Shame has ruled my whole life.
– Anonymous Trauma Survivor

Trauma leads to shame. Trauma determines the content of shame. Shame pushes the body into a traumatic response. The more I learn about the two, the more I am convinced of their deep connection to one another.”
 – Lucia Osborne-Crowley

Training Overview

Despite the clear links between shame and trauma, understanding shame has not traditionally been an explicit focus of trauma-informed approaches. While trauma-informed approaches ask the important question ‘What happened to you?’ (instead of ‘What is wrong with you?’), the shame competent approach additionally asks, ‘What are you experiencing right now?’ This gives practitioners a practical understanding of how to best manage interactions and services to respond appropriately to individuals’ emotional and cognitive states in order to work towards positive outcomes and less disengagement. Professor Luna Dolezal worked in collaboration with the Trauma Informed Plymouth Network (TIPN) to develop this innovative and evidence-based Shame Competence for Trauma Informed Practitioners Training.

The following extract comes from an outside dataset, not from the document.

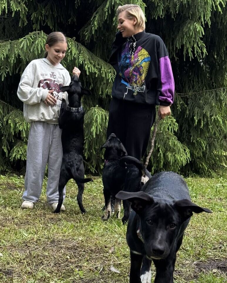 «Мы с дочкой давно хотели взять собаку из приюта и видели много постов с псами, но именно от этих фотографий меня расщепило на тысячи атомов. Уже через 3 часа мы тискали трех фантастических пацанов! Пылких и ласковых», — рассказала актриса.
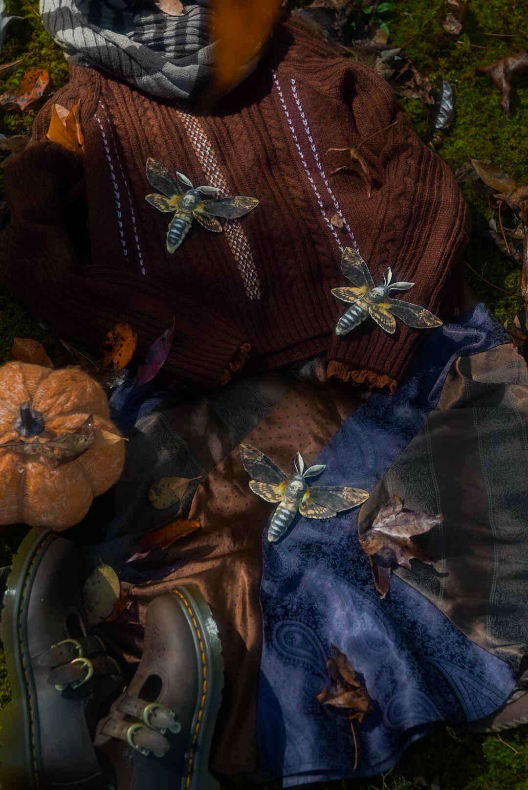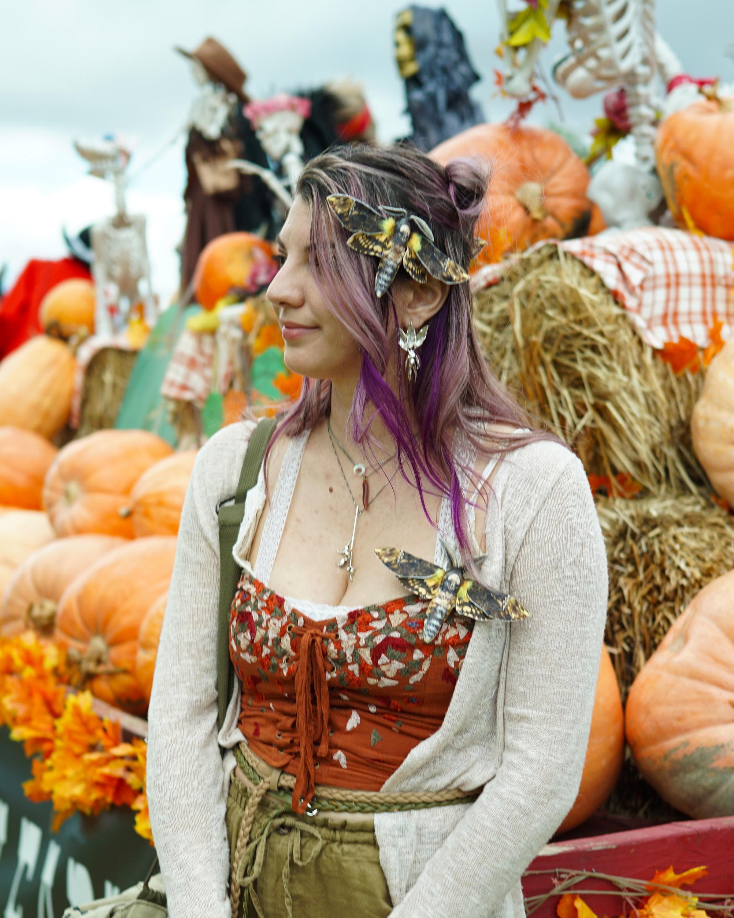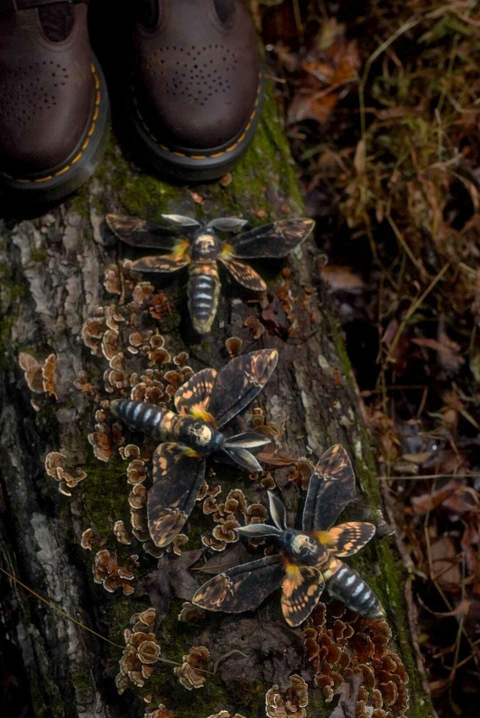 A fully handmade textile item based on the real death's-head hawk moth it has a soft body and a stylized skull on its head. It's a handmade, large, fake but realistic moth for your hair, as a brooch, or any other way you can think of! The wings are made from a soft fabric material and the fluffy body is faux fur with painted details to mimic the soft texture of a real moth. Made with all vegan materials. The inside of the wings are wired so they are flexible and poseable. This piece is one of a kind, wearable art!

The aim of the shame competence training is to enable individuals and organizations to begin to create and systematise nuanced and collaborative understandings of how shame is produced and experienced as a result of particular interactions, experiences, policies and practice, enhancing organizational and individual emotional intelligence, in order to understand the impacts and effects of shame within professional practice.

Length: 1 day
Delivery: in-person (remote option available)
Max participants: 30

Topics covered:

- Why Do We Need to Understand Shame ?
- What is Shame?
- Shame and Trauma
- Hidden Shame and the Shame Compass
- Responding to Shame
- Shame Cycles (Disengagement and Violence)
- Recognising Shaming
- Shame in Organisations

Background & Rationale

Shame and trauma are inextricably bound together. Recent research in trauma studies has argued that “post-traumatic shame” is a key experience that shapes post-trauma states (Theisen-Womersley, 2021), and others have come to theorise and describe PTSD as a “shame disorder” (Herman, 2011). Shame is a world-organising emotion for many trauma survivors, and shame is also behind much of the maladaptive behaviour associated with trauma, PTSD and other post-trauma states. As a result, it is clear that trauma-informed practitioners will benefit from a deeper awareness and understanding of shame, along with competence about how to recognise and manage shame dynamics.